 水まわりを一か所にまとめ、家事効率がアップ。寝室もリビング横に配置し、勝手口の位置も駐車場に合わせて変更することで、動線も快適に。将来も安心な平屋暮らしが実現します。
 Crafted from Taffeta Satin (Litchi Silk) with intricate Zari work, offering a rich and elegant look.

============

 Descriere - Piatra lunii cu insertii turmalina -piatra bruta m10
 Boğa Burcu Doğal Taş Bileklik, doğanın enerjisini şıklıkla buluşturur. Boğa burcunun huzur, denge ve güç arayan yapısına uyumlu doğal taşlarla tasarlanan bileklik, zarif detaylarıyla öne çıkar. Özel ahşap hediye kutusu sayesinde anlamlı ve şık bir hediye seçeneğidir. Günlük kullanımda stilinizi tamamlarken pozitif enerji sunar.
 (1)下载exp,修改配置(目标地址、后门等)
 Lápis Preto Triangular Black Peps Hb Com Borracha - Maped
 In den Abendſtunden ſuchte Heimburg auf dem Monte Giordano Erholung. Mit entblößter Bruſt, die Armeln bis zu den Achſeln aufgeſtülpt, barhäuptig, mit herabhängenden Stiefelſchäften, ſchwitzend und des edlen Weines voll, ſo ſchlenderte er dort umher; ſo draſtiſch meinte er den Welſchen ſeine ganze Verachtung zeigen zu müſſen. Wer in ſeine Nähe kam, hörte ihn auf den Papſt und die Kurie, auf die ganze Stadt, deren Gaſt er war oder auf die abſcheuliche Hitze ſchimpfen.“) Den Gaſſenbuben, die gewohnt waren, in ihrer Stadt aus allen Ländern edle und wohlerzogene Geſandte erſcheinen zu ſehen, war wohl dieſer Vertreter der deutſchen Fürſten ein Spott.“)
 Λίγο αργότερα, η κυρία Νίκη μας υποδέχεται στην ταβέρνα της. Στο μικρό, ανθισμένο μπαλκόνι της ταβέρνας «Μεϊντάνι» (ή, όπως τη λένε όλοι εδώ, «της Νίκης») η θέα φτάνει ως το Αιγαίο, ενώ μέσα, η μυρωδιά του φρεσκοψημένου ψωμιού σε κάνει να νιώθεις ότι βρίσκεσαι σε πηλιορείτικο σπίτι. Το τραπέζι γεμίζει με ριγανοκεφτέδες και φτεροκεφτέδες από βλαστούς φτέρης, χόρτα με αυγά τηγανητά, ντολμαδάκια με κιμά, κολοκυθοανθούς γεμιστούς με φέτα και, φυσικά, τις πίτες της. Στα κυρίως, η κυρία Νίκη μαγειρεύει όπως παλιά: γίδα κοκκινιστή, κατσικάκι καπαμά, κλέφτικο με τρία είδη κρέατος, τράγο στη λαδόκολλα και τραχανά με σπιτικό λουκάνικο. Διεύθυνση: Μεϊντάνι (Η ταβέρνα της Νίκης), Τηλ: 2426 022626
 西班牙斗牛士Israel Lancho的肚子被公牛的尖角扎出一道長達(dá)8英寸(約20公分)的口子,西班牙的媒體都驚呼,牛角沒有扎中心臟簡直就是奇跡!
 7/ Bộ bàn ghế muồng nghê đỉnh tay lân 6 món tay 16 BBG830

============

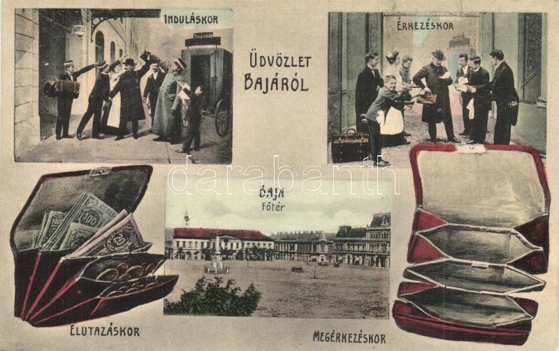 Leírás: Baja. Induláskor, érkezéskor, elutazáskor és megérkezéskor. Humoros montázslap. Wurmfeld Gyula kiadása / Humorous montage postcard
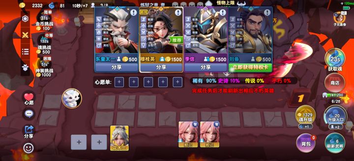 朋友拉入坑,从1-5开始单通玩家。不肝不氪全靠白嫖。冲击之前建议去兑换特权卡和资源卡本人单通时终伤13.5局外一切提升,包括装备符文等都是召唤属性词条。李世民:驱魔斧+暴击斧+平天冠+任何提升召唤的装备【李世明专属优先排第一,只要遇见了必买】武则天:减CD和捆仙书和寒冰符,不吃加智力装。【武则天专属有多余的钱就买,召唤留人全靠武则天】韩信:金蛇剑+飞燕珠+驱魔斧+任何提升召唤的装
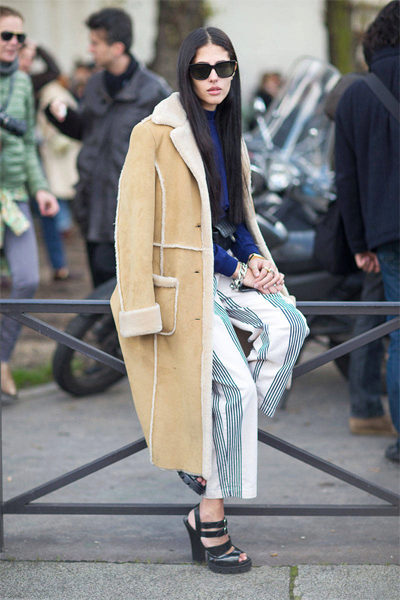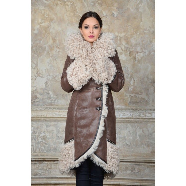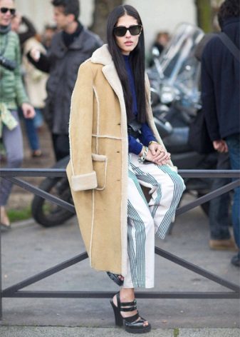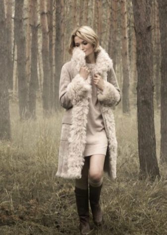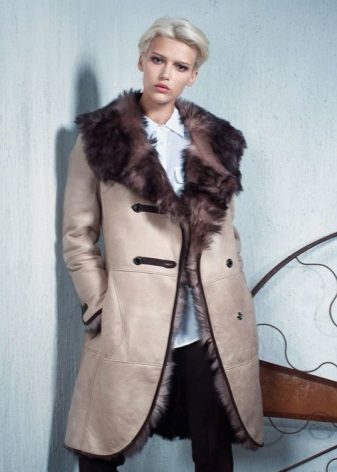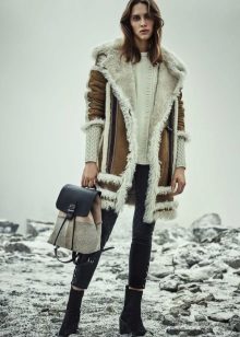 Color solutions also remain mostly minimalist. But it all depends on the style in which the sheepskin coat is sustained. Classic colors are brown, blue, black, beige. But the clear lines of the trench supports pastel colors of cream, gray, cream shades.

============

• EXERCISE GOAL:
Above are some records; copy exactly the lines from the one with "Boğa Burcu Doğal" through the one with "In den Abendſtunden", both included, and no others.

• RESPONSE TO THIS TASK:
 Boğa Burcu Doğal Taş Bileklik, doğanın enerjisini şıklıkla buluşturur. Boğa burcunun huzur, denge ve güç arayan yapısına uyumlu doğal taşlarla tasarlanan bileklik, zarif detaylarıyla öne çıkar. Özel ahşap hediye kutusu sayesinde anlamlı ve şık bir hediye seçeneğidir. Günlük kullanımda stilinizi tamamlarken pozitif enerji sunar.
 (1)下载exp,修改配置(目标地址、后门等)
 Lápis Preto Triangular Black Peps Hb Com Borracha - Maped
 In den Abendſtunden ſuchte Heimburg auf dem Monte Giordano Erholung. Mit entblößter Bruſt, die Armeln bis zu den Achſeln aufgeſtülpt, barhäuptig, mit herabhängenden Stiefelſchäften, ſchwitzend und des edlen Weines voll, ſo ſchlenderte er dort umher; ſo draſtiſch meinte er den Welſchen ſeine ganze Verachtung zeigen zu müſſen. Wer in ſeine Nähe kam, hörte ihn auf den Papſt und die Kurie, auf die ganze Stadt, deren Gaſt er war oder auf die abſcheuliche Hitze ſchimpfen.“) Den Gaſſenbuben, die gewohnt waren, in ihrer Stadt aus allen Ländern edle und wohlerzogene Geſandte erſcheinen zu ſehen, war wohl dieſer Vertreter der deutſchen Fürſten ein Spott.“)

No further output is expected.